Et qu’en est-il de Paz de la Huerta, une autre accusatrice de Weinstein que vous avez longuement rencontrée pour le documentaire? 

C’était important pour elle de participer au film, de faire entendre sa voix. Elle se concentre sur ses peintures. Je sais aussi qu’elle réalise ses propres films. J’espère qu’ils sortiront. Elle a été complètement traumatisée. Financièrement aussi. Elle était dans Boardwalk Empire jusqu’au moment où elle a disparu de la série. Elle accuse Weinstein [d’avoir fait pression pour la faire virer]. Mais on ne pouvait pas mettre ça dans le film, car comment le prouver à moins de poser la question à Weinstein - qui ne donne pas d’interviews.

Y a-t-il des éléments que vous avez choisi de ne pas inclure dans le film par peur de voyeurisme? 

C’était important de respecter leur dignité. Il y avait dans certaines des histoires des détails - à propos des viols - que les avocats de ces femmes ne voulaient pas voir dans le film. Nous devions faire attention, car Harvey Weinstein va regarder ce film et nous ne voulons pas lui donner des informations qui pourraient poser des problèmes dans les futurs procès. Certaines femmes n’ont pas voulu donner trop de détails pour ces raisons. On leur a demandé si elles étaient satisfaites de leur déclaration et si elles pouvaient se présenter devant un tribunal et répéter ce qu’elles avaient dit dans le film, elles ont toutes acquiescé. Les hommes qui ont témoigné dans le film aussi. 

Pourquoi est-ce si important d’interroger aussi des hommes dans ce documentaire? 

Ce n’est pas uniquement une histoire de femmes. Des hommes ont aussi été traumatisés par son comportement.

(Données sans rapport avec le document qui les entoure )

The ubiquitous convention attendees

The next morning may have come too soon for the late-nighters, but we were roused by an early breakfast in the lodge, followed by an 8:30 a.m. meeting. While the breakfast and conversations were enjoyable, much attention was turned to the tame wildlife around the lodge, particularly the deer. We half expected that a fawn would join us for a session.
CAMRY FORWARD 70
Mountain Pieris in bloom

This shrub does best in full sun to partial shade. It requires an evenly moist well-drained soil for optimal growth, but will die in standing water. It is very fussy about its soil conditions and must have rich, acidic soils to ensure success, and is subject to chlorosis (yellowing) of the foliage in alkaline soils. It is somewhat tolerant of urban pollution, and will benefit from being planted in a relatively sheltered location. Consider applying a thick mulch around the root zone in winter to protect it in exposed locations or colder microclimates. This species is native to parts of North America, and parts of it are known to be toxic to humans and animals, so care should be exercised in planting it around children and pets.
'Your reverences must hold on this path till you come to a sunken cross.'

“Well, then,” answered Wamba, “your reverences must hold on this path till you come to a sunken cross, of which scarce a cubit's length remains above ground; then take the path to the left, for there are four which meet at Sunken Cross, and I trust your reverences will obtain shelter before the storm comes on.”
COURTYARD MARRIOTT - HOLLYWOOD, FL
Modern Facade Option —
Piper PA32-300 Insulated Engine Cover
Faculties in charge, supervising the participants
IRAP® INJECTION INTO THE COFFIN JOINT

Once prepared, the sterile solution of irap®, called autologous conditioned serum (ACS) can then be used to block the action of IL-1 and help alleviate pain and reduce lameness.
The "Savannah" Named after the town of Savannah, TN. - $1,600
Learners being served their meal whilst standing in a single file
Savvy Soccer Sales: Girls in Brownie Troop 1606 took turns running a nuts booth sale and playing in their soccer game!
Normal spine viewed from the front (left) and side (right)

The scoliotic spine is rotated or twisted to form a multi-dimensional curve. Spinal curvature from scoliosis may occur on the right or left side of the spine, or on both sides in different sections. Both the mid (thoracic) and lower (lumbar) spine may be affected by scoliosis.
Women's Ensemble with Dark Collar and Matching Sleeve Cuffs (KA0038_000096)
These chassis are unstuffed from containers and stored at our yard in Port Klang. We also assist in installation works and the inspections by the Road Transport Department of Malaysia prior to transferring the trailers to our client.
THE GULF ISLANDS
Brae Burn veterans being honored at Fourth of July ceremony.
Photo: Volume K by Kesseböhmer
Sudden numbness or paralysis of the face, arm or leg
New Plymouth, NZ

Il est très effrayant. Il est massif, énorme, lourd. Sa présence physique était intimidante. Certains n’ont pas voulu répondre, par peur d’être associés à lui. Je voulais travailler avec beaucoup de femmes, mais plusieurs membres de l’équipe étaient des hommes. C’était important qu’ils entendent ces histoires. Certains en ont presque pleuré tellement ils étaient choqués par ce qu’ils entendaient. 

Est-ce qu’il faut arrêter de regarder les films de Miramax et de la Weinstein Company? 

Non. Weinstein n’en est pas le réalisateur, mais le producteur ou le producteur exécutif. Peut-être que lorsque vous regardez ces films il est important de penser au contexte. Pour les films où certaines actrices déclarent avoir été abusées pendant le tournage, c’est difficile: vous devez faire votre jugement. On parle de tant de réalisateurs, d’acteurs, d’actrices, de compositeurs, de décorateurs talentueux. C’est leur accomplissement, pas celui de Weinstein. C’est donc différent des affaires Michael Jackson, R. Kelly ou Polanski. Weinstein a d’ailleurs toujours été un grand défenseur de Polanski.

Plusieurs œuvres de fiction autour de Weinstein voient le jour. Il y a eu une pièce de David Mamet et il y aura bientôt un film d’horreur de Brian de Palma et un film sur les journalistes du New York Times

C’est important. La fiction permet de comprendre ces histoires. J’ai moi-même pensé au début de mon documentaire à La Belle et la Bête. C’est ce genre d’histoire: un mélange entre film d’horreur et conte de fée.